# Spooling braid on a spinning reel



## Champcpa (Mar 21, 2015)

I have got to get this 30lb Power Pro on my Tica Scepter before next weeks trip to Hatteras. Does the painters tape trick work okay or do I need to anchor it with mono? Advice?

Thanks, see you on the beach!


----------



## FISHHUNTER (Apr 22, 2009)

Use a wrap of electrical tape. It'll keep the braid from slipping on the reel.


----------



## 1BadF350 (Jul 19, 2006)

FISHHUNTER said:


> Use a wrap of electrical tape. It'll keep the braid from slipping on the reel.


^^^^This is what I do.^^^^


----------



## Champcpa (Mar 21, 2015)

Sweet! Thanks!


----------



## Sandcrab (Mar 20, 2002)

i soak may entire spool in water and put the braid on under a lot of tension (mono backing or electrical tape trip first)...


----------



## Elgreco (Aug 12, 2014)

One layer of electrical tape is what I use.


----------



## buster (Nov 16, 2006)

If you use mono as a backer it will hold and you will need less braid to fill spool....much cheeper


----------



## Drumdum (Jan 6, 2003)

buster said:


> if you use mono as a backer it will hold and you will need less braid to fill spool....much cheeper


 x2


----------



## Mastrbaitr (May 7, 2014)

buster said:


> If you use mono as a backer it will hold and you will need less braid to fill spool....much cheeper


x3,


----------



## jimmy z (Nov 5, 2006)

Are you a first time braid user? Always make sure the spooled line doesn't feel spongy/soft on the spool. If it does than chances are you will have problems with your next casts. Always make sure you spool taught.


----------



## Sandcrab (Mar 20, 2002)

To reduce knots, always close the spinning reel bail by hand (do not turn handle to close bail). Saves you from repairing the bail spring too!

Sandcrab


----------



## Oldmulletbreath (Jan 7, 2006)

Good Lord, 30 pound braid........... you must be striper fishin'


----------



## BaitWaster (Jan 8, 2004)

Either a shot of mono or electrician's tape. Wouldn't go with the blue painters tape.


----------



## Benji (Nov 19, 2014)

Oldmulletbreath said:


> Good Lord, 30 pound braid........... you must be striper fishin'


I use 30 just because I like the way it ties knots better than 20


----------



## Fishman (Apr 23, 2000)

Just putting electrical tape on equals an excessive amount of braid $$. I prefer some sort of backing preferably Dacron if I can get it. Mono will do but you will have to change it out soon enough. 

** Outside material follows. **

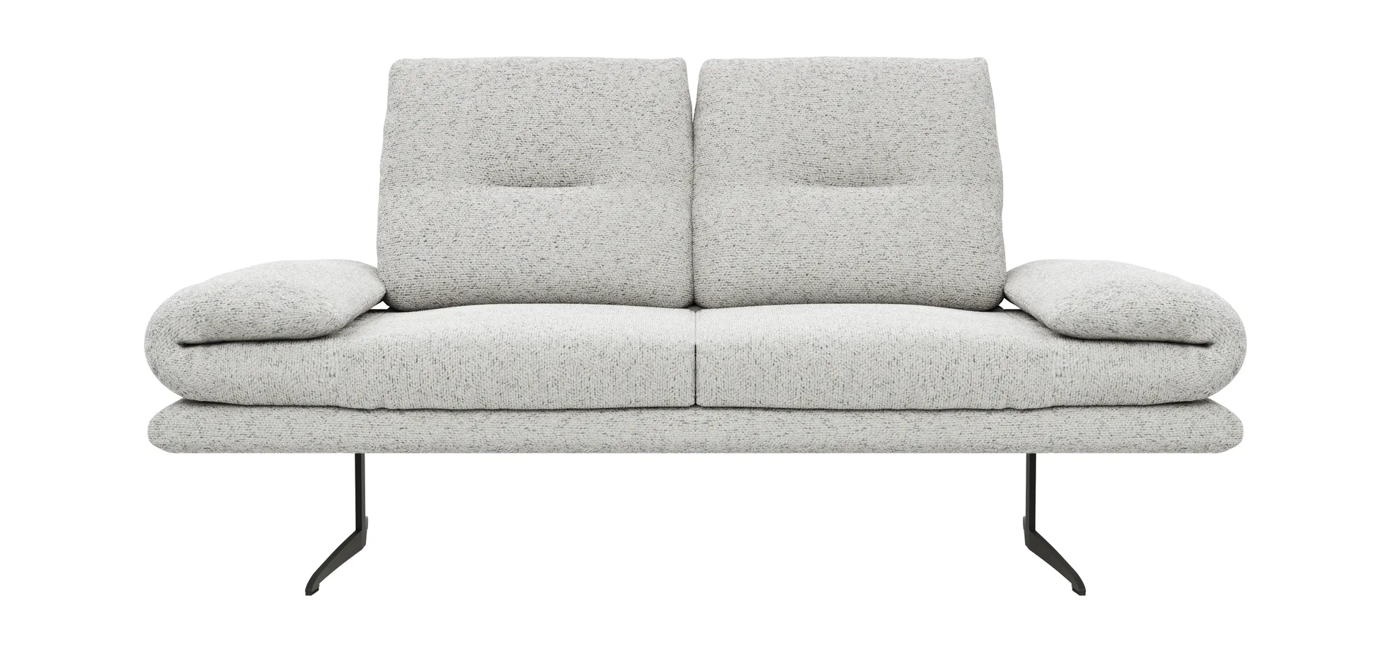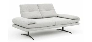 Global Select Sofa Lucero 2.0 ? kompakter 2?Sitzer in Offwhite, ideal, wenn du wenig Platz hast. Der bequeme Sitz aus Kaltschaum mit Stahlwellenfedern bietet ausgewogene Stützung; die Rückenlehne mit Gummigurten und Schaumstoff sorgt für flexible Unterstützung. Drehsitz, Rollout?Armlehne und verstellbare Sitztiefe ermöglichen individuelle Sitzpositionen. Das robuste Metallgestell in schwarzer Kufenform verbindet Stabilität mit modernem Look; Belastbarkeit 120 kg. Sitzhöhe ca. 45 cm.

Make sure that you get braided line on tight and don’t over fill the spool especially on a spinning reel. 

After casting your line out make sure that you close the bail manually. The give the line a little tug to tighten up the line on the spool.


----------



## Bocefus (Apr 19, 2010)

Throw the braid in the trash and just fish mono!


----------



## bluefish1928 (Jun 9, 2007)

Oldmulletbreath said:


> Good Lord, 30 pound braid........... you must be striper fishin'


I striper fish with 20 pound braid.....

I usually use whatever cheap mono unless it is a small spinning reel....I need at least 130 yards
For such a large reel, mono won't hurt


----------



## buster (Nov 16, 2006)

The one thing to remember is many people dont like braid for different reasons.One of course is price,second is some think that all i need is 20lb braid for what/where i fish.The problem is that unless you have perfect conditions,the smaller braid will end up with wind knots.I have tried different weight braids over the years and found that the smallest i can use on my surf spinning set up is 40lb,which allows me to fish any conditions,winds with no issues.Some think 40lb is overkill,but i know i can hook large fish,have the ability to turn fish when needed without a worry and maintain great castability.Cant be scared to try new things,products that may help you.


----------



## Sandcrab (Mar 20, 2002)

I use 65 lb braid on my LMB setups for getting those hogs out of the muck and heavy cover. Without it, you would not be able to pull the bass (much less all the weeds/grass/debris) out without it.

I use 30 lb braid on my jetty spinning rods...

Sandcrab


----------



## Kellercl (Jan 28, 2010)

Bocefus said:


> Throw the braid in the trash and just fish mono!


No thanks. I will keep the superior casting distance of braid for all my lures.


----------



## HuskyMD (May 19, 2000)

Some reels, I know phlueger (spelling?) president reels for example are marketed as braid ready. Has anyone ever used them? Are they really braid ready? Just some rubber on the spool it looks like.


----------



## Mastrbaitr (May 7, 2014)

HuskyMD said:


> Some reels, I know phlueger (spelling?) president reels for example are marketed as braid ready. Has anyone ever used them? Are they really braid ready? Just some rubber on the spool it looks like.


I have a two. They come braid ready but I back mine wih mono anyways.


----------



## Drumdum (Jan 6, 2003)

buster said:


> The one thing to remember is many people dont like braid for different reasons.One of course is price,second is some think that all i need is 20lb braid for what/where i fish.The problem is that unless you have perfect conditions,the smaller braid will end up with wind knots.I have tried different weight braids over the years and found that the smallest i can use on my surf spinning set up is 40lb,which allows me to fish any conditions,winds with no issues.Some think 40lb is overkill,but i know i can hook large fish,have the ability to turn fish when needed without a worry and maintain great castability.Cant be scared to try new things,products that may help you.


 I use 20 fireline on my bigger setups for cobia and drum when sightcasting.. I use 6lb crystal fireline on my smaller setups for specks,alberts,pups,and anything else that hits.... NEVER a problem with windknots... YES,IMHO,40lb is overkill,unless it is a very small diameter,as fireline is usually a larger diameter than regular braid....


----------



## buster (Nov 16, 2006)

I should or clarified that i meant a little heavier braid is for the big surf rod.On the small rods you can get away with whats needed per your needs.


----------